Flags: needinfo?(jfong)
(In reply to Jeff Griffiths (:canuckistani) (:⚡︎) from comment #1)
> Jen, not sure if the console team does triage soooo obnoxiously needinfo'ing
> you to get this bug looked at.

Added to https://public.etherpad-mozilla.org/p/console+debugger and we'll discuss next week in that meeting. Thanks!
Flags: needinfo?(jfong)
(In reply to Jeff Griffiths (:canuckistani) (:⚡︎) from comment #0)
> Push notifications are encrypted and it may be common for developers to
> accidentally introduce bugs that cause messages to fail decryption. We
> should log these errors to the console with an informative message and a
> link to help docs.

Is there some kind of a notification when this happens?  I'm not sure if this is a web-exposed thing or if we need platform APIs to detect this kind of error.

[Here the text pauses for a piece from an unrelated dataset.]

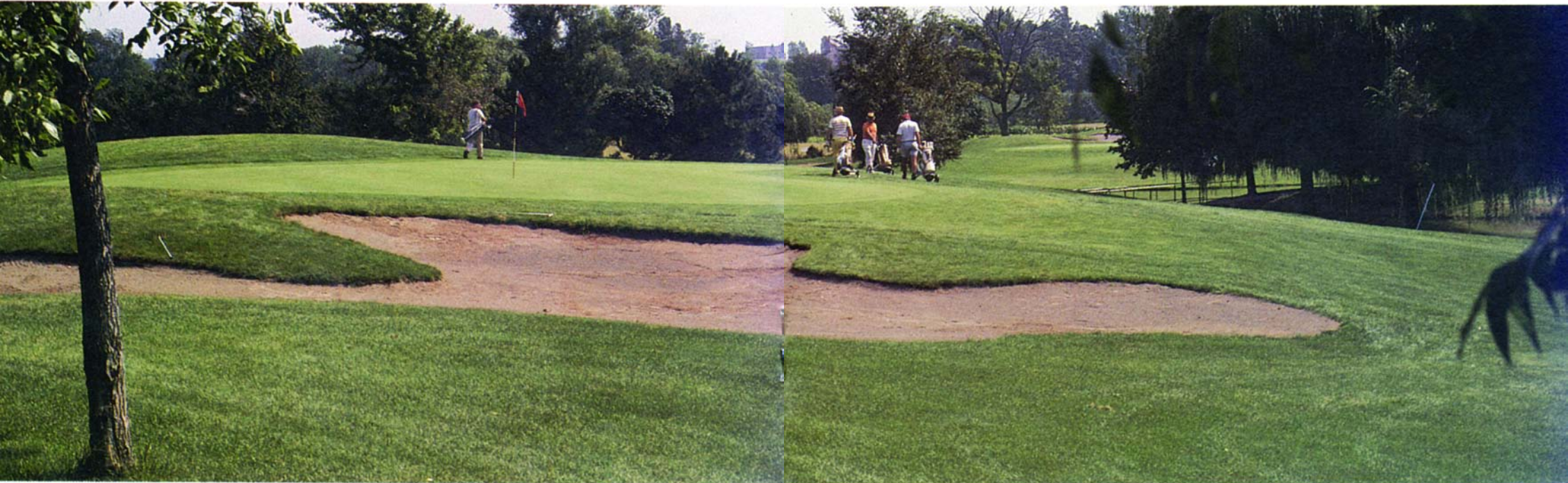
The Steed and Evans site west of Fonthill has been progressively rehabilitated since 1970 to a golf course; fourteen holes have now been completed.

It is often impossible to determine one specific after use where extracting operations may continue for ten or more years. However, with a site plan, it is possible to shape the land to accommodate a wide range of possible after uses.

Jeff, do you have a STR for a notification that has a decryption failure?
Flags: needinfo?(jgriffiths)
(In reply to Brian Grinstead [:bgrins] from comment #3)
...
> Is there some kind of a notification when this happens?  I'm not sure if
> this is a web-exposed thing or if we need platform APIs to detect this kind
> of error.

In last week's push dashboard meeting we considered exposing this sort of error to the developer dashboard, and it occurred to me that if the platform supports this we should also provide help in the console. I don't know if we do anything currently, needinfo'ing Kit. 

> Jeff, do you have a STR for a notification that has a decryption failure?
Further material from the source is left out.